В один прекрасный день директор Японского информационного центра ОГУ Людмила Докашенко предложила энергичной и целеустремленной выпускнице, уже работавшей в научно-образовательном центре биохимической физики наносистем на кафедре физики, поучаствовать в программе обмена, объявленной Правительством Японии. Конкурс был высоким, порядка 10 человек на место. После собеседования в посольстве Японии в Москве Екатерине предложили стать приглашенным исследователем в любом вузе Японии по любой специальности на срок от 1 месяца до 3 лет. Руководитель центра Виталий Бердинский посоветовался с коллегами из Университета Хиросимы, и профессор Шинья Матсуура согласился принять начинающего ученого из России в коллектив лаборатории генетики и клеточной биологии. 

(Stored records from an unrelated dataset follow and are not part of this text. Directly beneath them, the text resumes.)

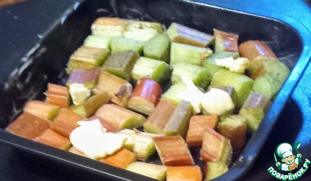 Разогрейте духовку до 200С. Смазываем форму для запекания сливочным маслом Выкладываем ревень, сливочное масло, сахар и корицу (по желанию). Перемешиваем.
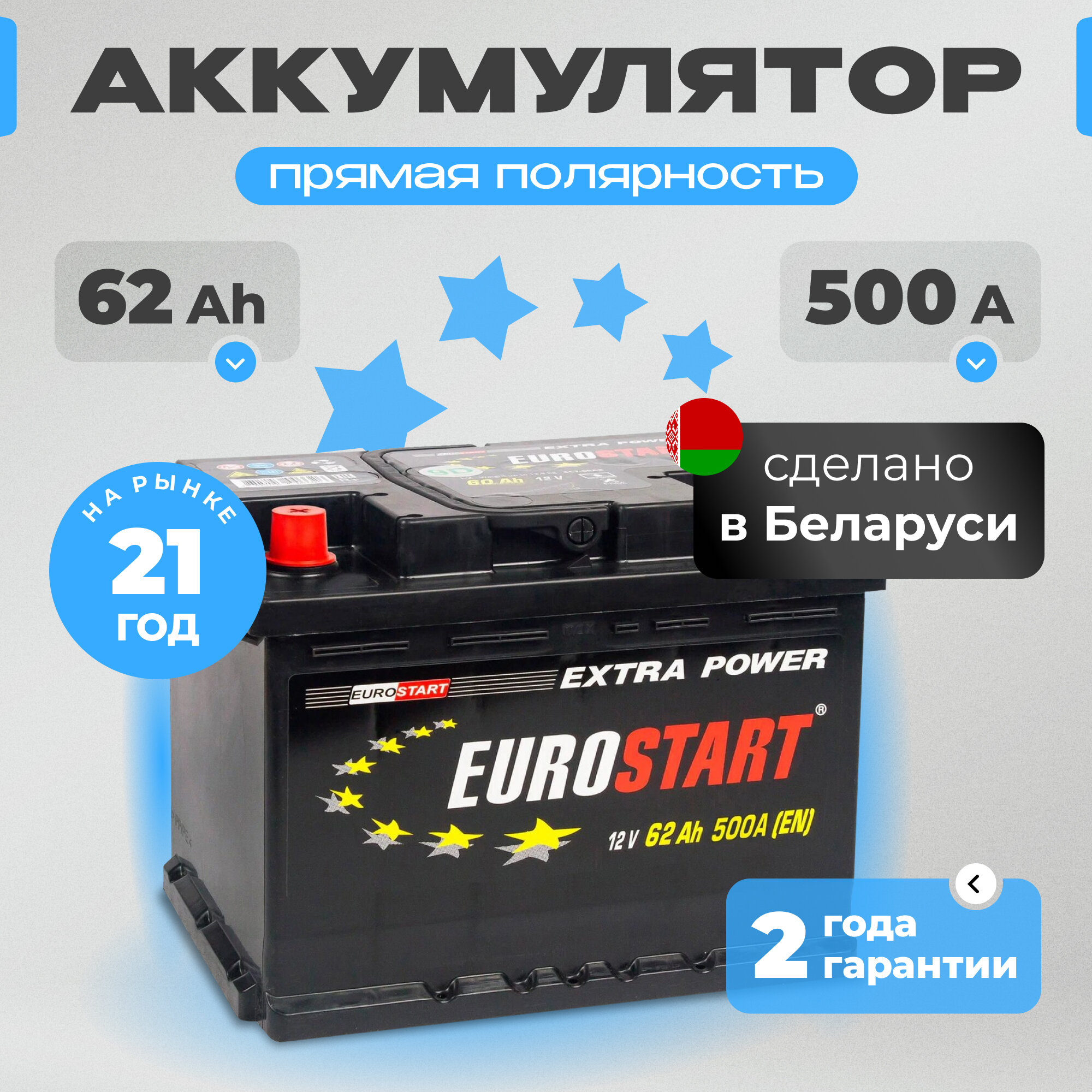 Купить Аккумулятор автомобильный EUROSTART Extra Power (низкий) 62 Ah 500 A прямая полярность 242x175x175
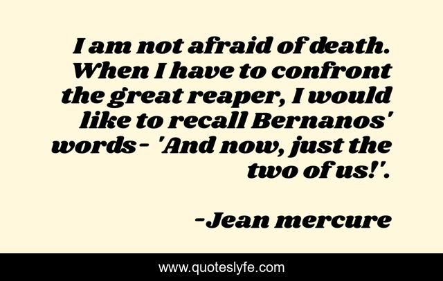 This page presents the quote "I am not afraid of death. When I have to confront the great reaper, I would like to recall Bernanos' words- 'And now, just the two of us!'.". Author of this quote is Jean mercure. .
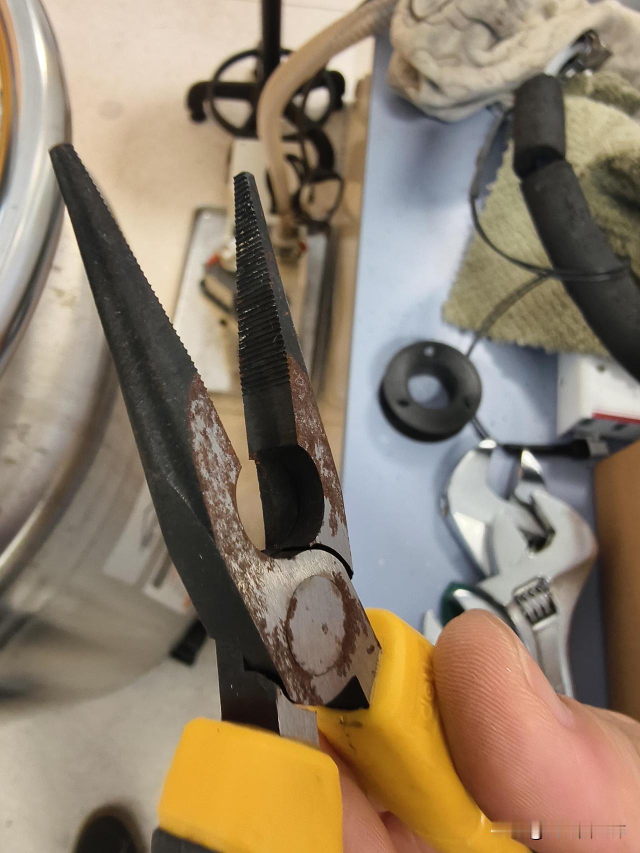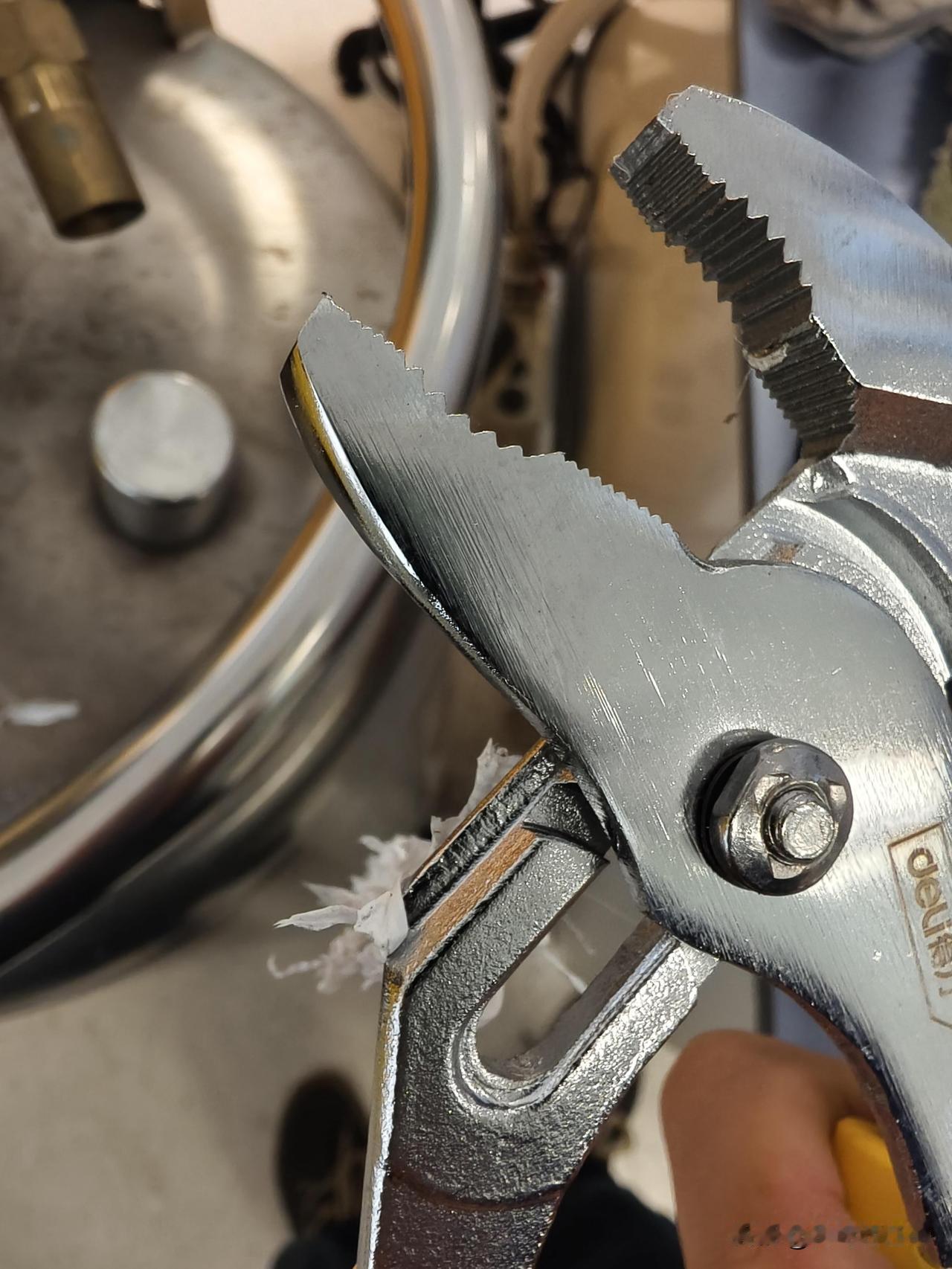 堂堂研究生被一个螺丝困住了 液氮气瓶上的一个六角螺丝接头被拧的变圆滑丝了,而且还被拧的特别紧,黄铜材质的,完全取不下来。 我尝试了各种工具,包括从淘宝上问商家,问ChatGPT解决办法,用扳手,虎头钳,管钳,都取不下来。买了锉刀手动锉了很长时间锉出一些棱角,但还是拧不下来!主要还是黄铜太软了,手锉的棱角卡不死,力气一大就滑丝。找了学校物业,物业原本不管实验室事的,但是我实在没办法,他们答应帮我弄,不过要收200,我觉得能取下来200也值得。 物业用大扳手,超大的管钳都拧不下来,然后用热喷枪热胀冷缩试一下,结果还是拧不下来。最后是用角磨机磨出棱角来,配合热胀冷缩的余温才拧下来。真是不容易。堂堂研究生被一个螺丝整的死去活来。还去专门借了一本金工实习的课本来学习一些磨棱角的技巧[捂脸R] 我感觉这种问题要找工厂里的钳工师傅才能解决,他们肯定有丰富的经验,但是我发现在平常生活中根本接触不到这类师傅,连联系方式都没法找,手机上能找到的只有家电维修这种师傅。在学校最专业的可能就是物业师傅了。 小小的螺丝真麻烦。

— Я попала в очень авторитетный научный коллектив, который специализируется на изучении аномалий деления клеток после радиации и на создании клеточных линий, которые не отличаются от клеток людей с генетическими заболеваниями, — рассказывает Екатерина Ройба. — Мы работали с раковыми клетками, облучали, смотрели, какие генетические механизмы нарушаются и почему клетка не делится нормально. Честно говоря, именно этот раздел биологии был не из самых моих любимых, поэтому пришлось очень много работать, буквально днями и ночами, чтобы не ударить в грязь лицом и не подводить принявших меня в коллектив ученых. Было тяжело: очень много впечатлений, новая культура, другая еда, другие люди. Я тогда очень устала, даже заболела. Долго лечилась, но не прекращала работать ни на минуту, просто не могла: было слишком интересно.

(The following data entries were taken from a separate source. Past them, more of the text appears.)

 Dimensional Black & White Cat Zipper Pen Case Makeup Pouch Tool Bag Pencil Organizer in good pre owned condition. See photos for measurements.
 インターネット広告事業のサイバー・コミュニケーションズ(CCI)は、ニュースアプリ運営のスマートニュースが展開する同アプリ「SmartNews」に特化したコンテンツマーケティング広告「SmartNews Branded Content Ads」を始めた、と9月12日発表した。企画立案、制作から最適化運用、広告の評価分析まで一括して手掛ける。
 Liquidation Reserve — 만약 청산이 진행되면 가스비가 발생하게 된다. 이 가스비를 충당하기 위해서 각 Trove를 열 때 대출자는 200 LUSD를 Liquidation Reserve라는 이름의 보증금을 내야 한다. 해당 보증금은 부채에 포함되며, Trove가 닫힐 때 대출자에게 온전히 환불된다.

После стажировки в Японии Екатерина полтора года работала по своей специальности в Хабаровском НИИ, в лаборатории вирусных гепатитов и СПИДа. Вернуться в Японию в 2013 году заставило письмо из той же японской лаборатории: «Мы помним, как тебе было интересно учиться у нас. Не хочешь ли попробовать поучиться на PhD у нас? Мы не выкинули твои тапочки, они еще здесь, на входе в лабораторию».

— В Японии при входе в помещение снимают уличную обувь, — поясняет Екатерина. – Перед лабораториями всегда стоят тапочки в ряд. Когда человек уходит, место его тапочек занимает сменная обувь нового сотрудника. Мои тапочки, помню, были ужасные, очень грязные: я забывала их снимать и ходила по улице иногда. Было как-то неудобно, что они вот так 2 года там простояли. И их не выкинули…

Сомнений было много: страшно уезжать из России на долгих 4 года, неизвестно, удастся ли сдать экзамен. Зато было точно известно,  что после поступления нужно будет очень много учиться и работать среди чужих людей в атмосфере чужих устоев. Но дома особых перспектив не было, а в Японии она могла получить  профессию генного инженера – исполнить детскую мечту. Мама поддержала, и поступление состоялось.

— Программа куда меня пригласили, была связана с событиями 2011 года, — вспоминает Екатерина. — Тогда на Фукусиме произошло землетрясение и утечка радиации. Эвакуированные жили в бараках и боялись вернуться домой: земля и воздух были загрязнены, а эффекта малых доз радиации, особенно на детей, никто точно не знал. Люди переживали огромный стресс и тоску по дому. Для того чтобы восполнить нехватку специалистов в области радиации, правительство Японии в сотрудничестве с Международным агентством по атомной энергии решило запустить программу обучения таких специалистов.

Екатерина Ройба оказалась в группе начинающих ученых из многих стран мира, включая Японию, Англию, Францию, Вьетнам, Бразилию, Африку и США. В течение 4-5 лет (в зависимости от успеваемости) они обучались экстренной медицинской помощи пострадавшим в результате облучения, методам его измерения, предсказанию миграции радиации в разных средах, работе с людьми для координирования срочной эвакуации больших населенных пунктов, способам  предотвращения паники.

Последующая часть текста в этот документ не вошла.